An electromagnetic valve like the electromagnetic valve 17 for a variable discharge fuel supply apparatus, in which a plunger piston is driven up and down in FIG. 14 by the driving cam disposed coaxially with the unillustrated engine camshaft sucks up and discharges fuel. During the process, through the opening of the electromagnetic valve 17 at the time when a certain quantity of fuel has been discharged into the common rails 9, the high-pressure fuel in the fuel pressuring room 103 is released to the suction side at a lower pressure. Through the control of the timing of opening of the electromagnetic valve 17, the discharge from the fuel supply apparatus is variably adjusted and controlled.
FIG. 16 is a schematic partial sectional view showing the electromagnetic valve 17 in a state in which it is in an open position to the valve seat 25. FIG. 17 is a schematic partial sectional view showing the valve 26 of the electromagnetic valve 17 in a state in which it is in a closed position to the valve seat 25. In the conventional electromagnetic valve 17, a ball seal is used, and it is so constituted that the high-pressure side is in the direction opposing to the spring 27 with the valve seat 25 being taper-shaped and the valve 26 being ball-shaped. The opening area (mm2) relative to the valve lift (mm) in the electromagnetic valve 17 like this is as expressed by the equation shown in FIG. 16, and varies in a way as shown in the graph given in FIG. 18. The strength (N) requisite for the spring to cope with the varying seat diameter (mm) is as expressed by the equation shown in FIG. 17, and varies in a way as shown in the graph given in FIG. 19 (showing the case where the pressure inside the pump is 12 Mpa).
Thus, for the purpose of securing a relief property that is essential to the electromagnetic valve 17 for a variable discharge fuel supply apparatus, it is necessary to increase the distance of the valve lift and extend the seat diameter for a conventional electromagnetic valve 17. When increasing the distance of the valve lift, the fact that the slope representing the valve lift distance-opening area property is dependent on the tapering rate of the tapered seating section must be taken into account (see the equation in FIG. 16). While, when extending the seat diameter, the fact that the slope representing the seat diameter-spring strength property jumps with an increase in the seat diameter must be taken into account (see the equation in FIG. 17).

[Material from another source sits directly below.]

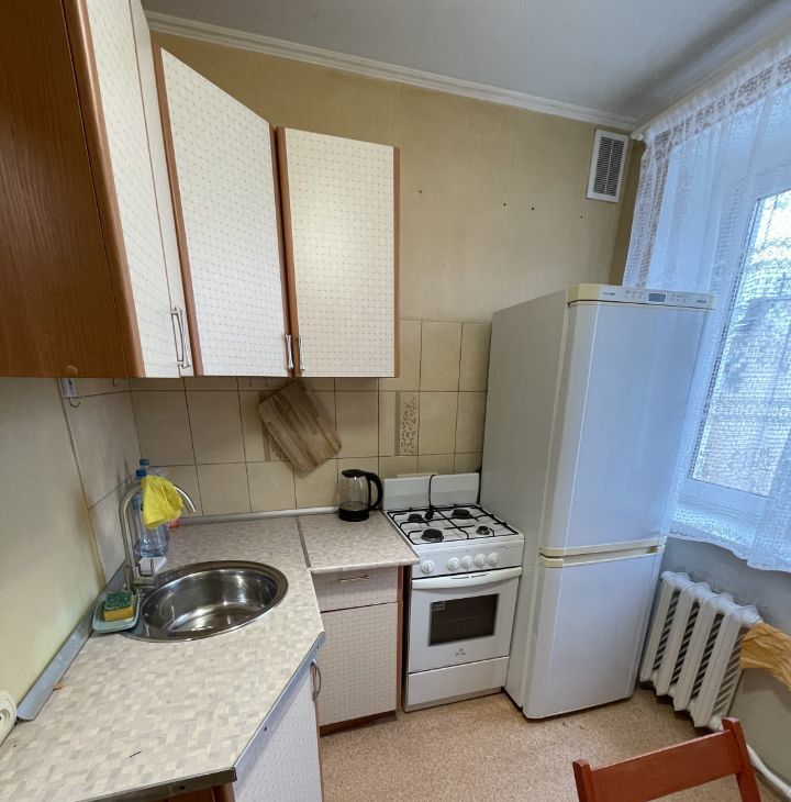 сдается однокомнатная квартира, рядом с метро. двуспальная кровать, диванчик (не раскладывается) обеденный стол, чайник, газовая плита.

Thus, when improving the relief property in a conventional apparatus, such problems as the enlargement of the electromagnetic valve 17 and consequential increase in the electric current consumption and lowering of responsiveness that could occur due to the reasons described above must be confronted. Further, the heat generated at the solenoid coils 22 within the electromagnetic valve 17 could increase, and this could induce a shortage between the lines and a malfunction of the electromagnetic valve due to disconnection and the like, and in the worst case, the control of discharge could be put in disorder.
The present invention therefore has as its object the improvement of the relief property and responsiveness, and the provision of an electromagnetic valve for a variable discharge fuel supply apparatus with a small electromagnetic valve, reduced electric current consumption and improved responsiveness.